Extending existing studs

Extending existing studs

(OP)
Existing house has top plates at 8'-0" high, but the owner wants to raise to 13'-0".
I'm thinking of two ways of extending the studs.
First way is to install 5'-0" new studs on top of existing top plates and Simpson straps on both sides of studs from new studs to old studs passing top plates. Minimum 30" strap, so minimum 12" on both old and new studs.
Second way is to install sister studs in full height, 13'-0" at each existing studs. This requires much more demolition.
First way is preferable if Building codes allow.

So, does anyone know the first way is code compliant?
If you know other ways of extending the studs, could you share with me?
Thank you in advance.

RE: Extending existing studs

Straps are unlikely to be a viable option. The bearing part of the system will never likely stay tight enough to prevent unwanted hinging or looseness in the wall. ....and the studs end up being to tall to be code compliant (at least in the US)
If it is a 2x4 wall, sisters won't work either unless you use 2x6's.
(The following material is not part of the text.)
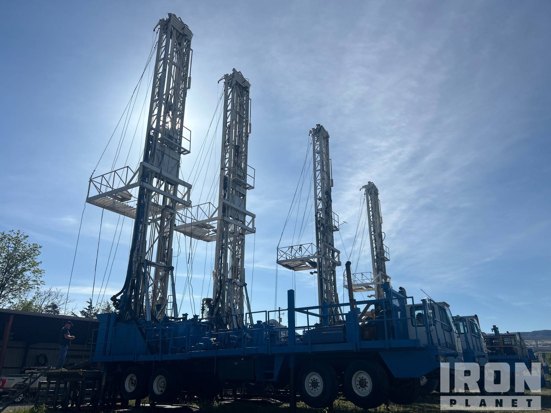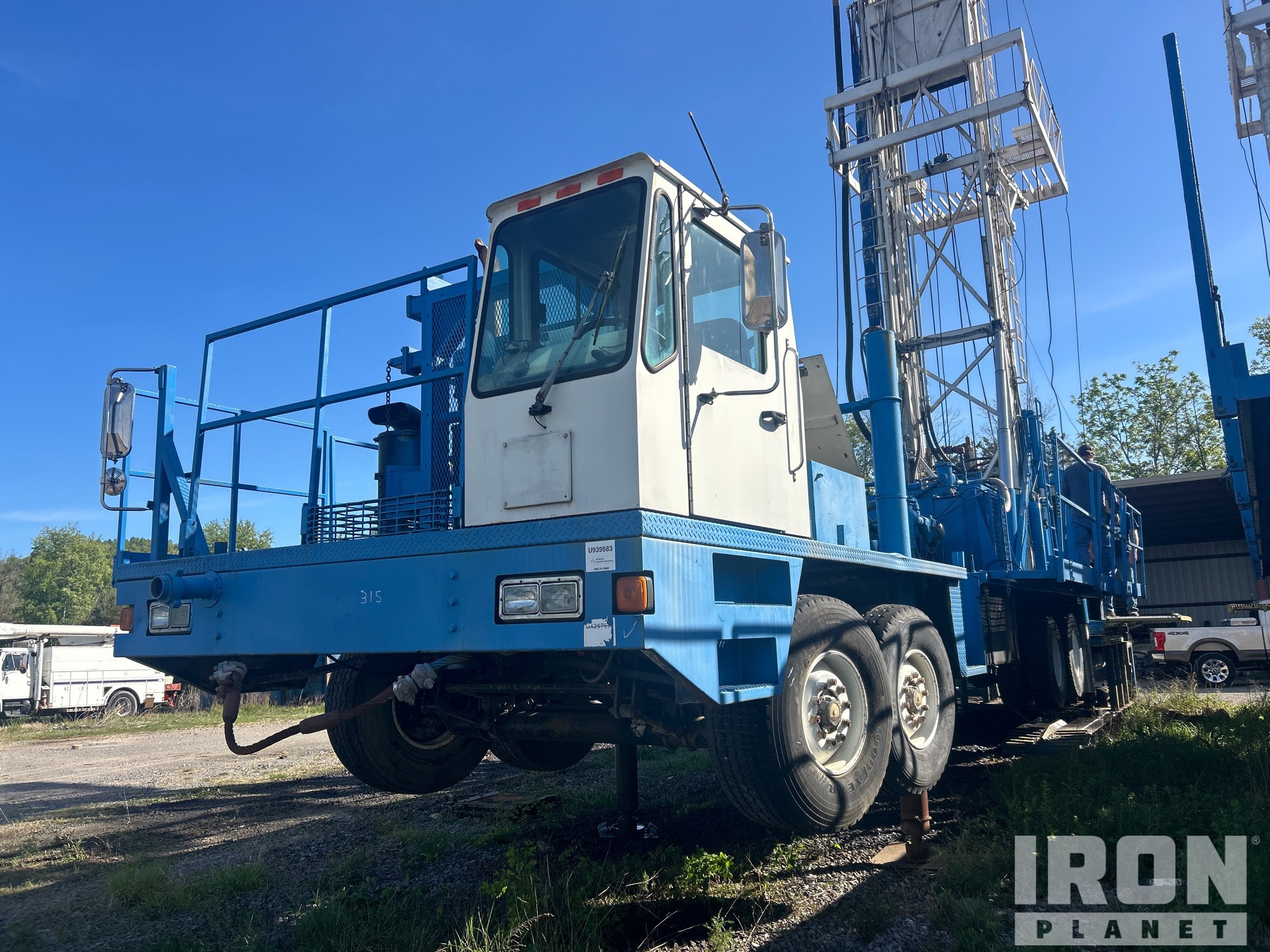 PTO Driven, Rotary Air Drill, Mud Drill, Straight Down Outriggers, Caterpillar C15 6 Cylinder 14.6 L Diesel Engine, 2003 US EPA Label, Eaton Fuller 18-Speed Manual Transmission, Differential Lock, 445/65R22.5 Front Tires, 12R22.5 Rear Tires, Dual Steering Boxes, Double Frame, Walking Beam Suspension, 306 in Wheelbase
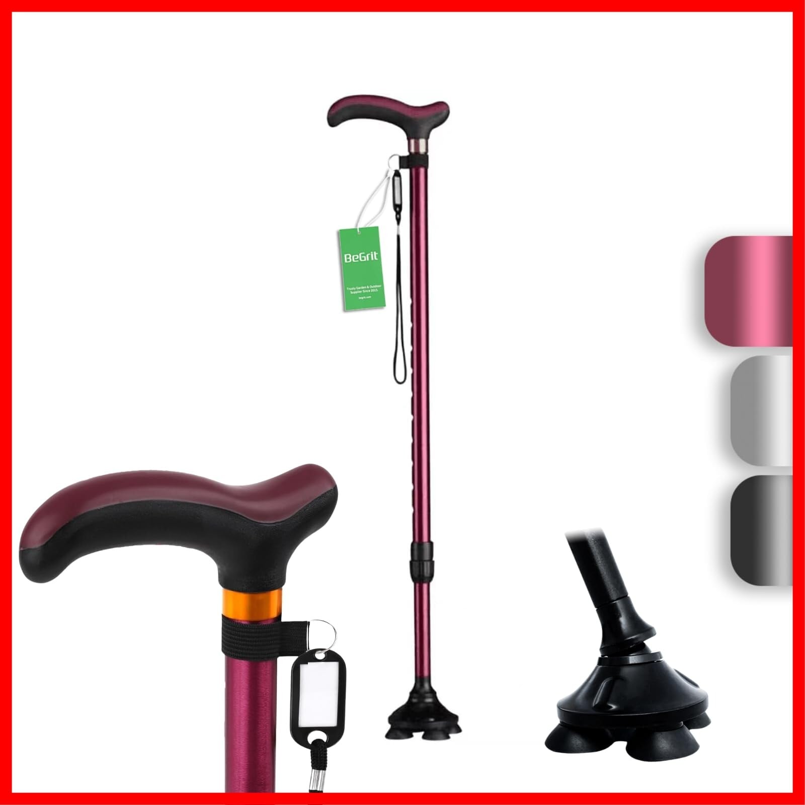 BeGrit 介護 杖:杖のハンドルは人間工学に基づいて設計されており、非常に快適な手触りで、手の疲労を軽減し、筋肉の痙攣を防ぎます。正しい姿勢を維持し、特に手首、肩、背中の負担を軽減するのに役立ちます。迷子防止ネームタグ付きのリストストラップは、杖の滑り落ちを防ぐだけでなく、杖に名前と電話番号を記入することもできます。安全で信頼できます。

I do this a lot when a customer wants to vault a ceiling and the gable end needs reinforcing.

RE: Extending existing studs

We have successfully in the past used steel wind posts that go from floor to underside of roof sheathing, and then used the existing double top plate as a wind beam between these posts. If allows for less cutting and installing. This fix came up the first time for me when some builder constructed a gable end wall in a vaulted ceiling application with standard 8ft studs to match the sidewalls. That wall bounced in and out like a trampoline when you leaned against it.

RE: Extending existing studs

I've done the same thing as Jayrod but with wood stud packs spaced every 6' or whatever. It's a good compromise between constructabilty and half ways respectable engineering. The viability of this will somewhat depend on the nature of your walls though. If you've got some nice, straight runs, this works great. If you've got a jog or a window every 2', not so much.

I agree with XR that the steel strap solution is questionable. Given the realities of fastener slip and the straps straddling soft plate material, that makes for a pretty sketchy moment connection in my opinion. I'll do it for low importance, low axial situations sometimes. Guard wall bases or maybe gable end walls. It strikes me as too prone to p-delta effects for anything with real axial load though.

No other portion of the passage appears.